» Required action
Among the entries below, which lines run from the line with "エアロゲル断熱パンツ(エアパンツ2)×1着" through the line with "Step into sophistication"? Retype those, both ends included, exactly and without pictures.

----- Exercise material

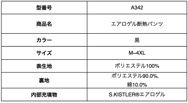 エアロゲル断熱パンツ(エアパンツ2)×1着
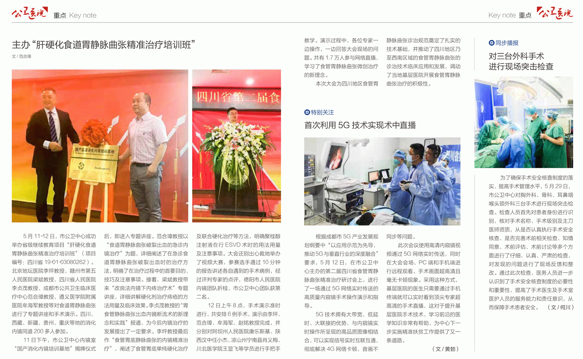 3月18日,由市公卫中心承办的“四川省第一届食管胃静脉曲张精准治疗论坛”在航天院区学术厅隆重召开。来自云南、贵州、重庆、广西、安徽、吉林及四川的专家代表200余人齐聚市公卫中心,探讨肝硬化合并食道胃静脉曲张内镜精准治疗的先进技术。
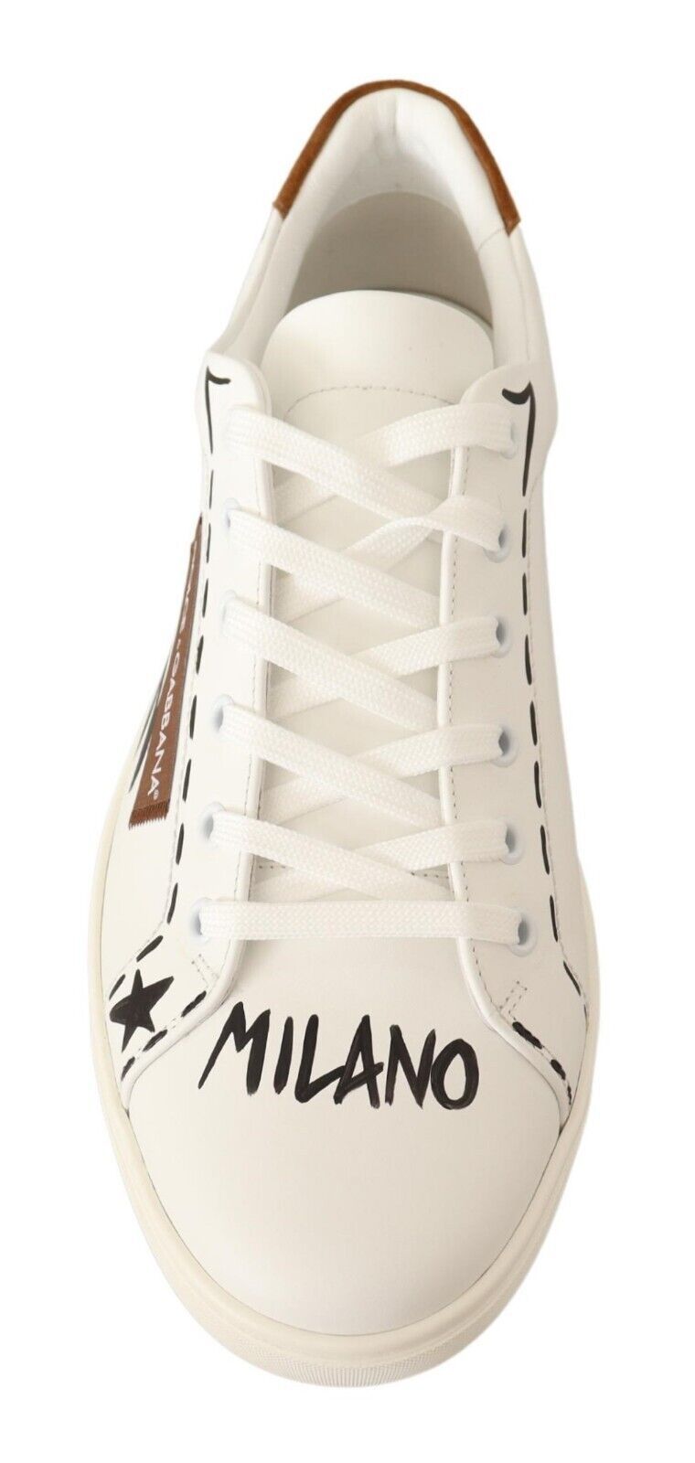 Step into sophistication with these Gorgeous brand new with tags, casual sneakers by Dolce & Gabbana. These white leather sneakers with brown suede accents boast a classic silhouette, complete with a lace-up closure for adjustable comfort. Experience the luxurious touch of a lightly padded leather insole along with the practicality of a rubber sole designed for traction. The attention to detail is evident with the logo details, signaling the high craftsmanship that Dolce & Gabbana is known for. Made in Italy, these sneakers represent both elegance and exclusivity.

----------
----- Exercise material

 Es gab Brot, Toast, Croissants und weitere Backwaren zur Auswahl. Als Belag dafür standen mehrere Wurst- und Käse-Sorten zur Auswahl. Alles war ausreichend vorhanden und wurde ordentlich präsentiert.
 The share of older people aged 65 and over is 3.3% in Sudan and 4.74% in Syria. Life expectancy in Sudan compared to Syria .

----------

» Response area
 エアロゲル断熱パンツ(エアパンツ2)×1着
 3月18日,由市公卫中心承办的“四川省第一届食管胃静脉曲张精准治疗论坛”在航天院区学术厅隆重召开。来自云南、贵州、重庆、广西、安徽、吉林及四川的专家代表200余人齐聚市公卫中心,探讨肝硬化合并食道胃静脉曲张内镜精准治疗的先进技术。
 Step into sophistication with these Gorgeous brand new with tags, casual sneakers by Dolce & Gabbana. These white leather sneakers with brown suede accents boast a classic silhouette, complete with a lace-up closure for adjustable comfort. Experience the luxurious touch of a lightly padded leather insole along with the practicality of a rubber sole designed for traction. The attention to detail is evident with the logo details, signaling the high craftsmanship that Dolce & Gabbana is known for. Made in Italy, these sneakers represent both elegance and exclusivity.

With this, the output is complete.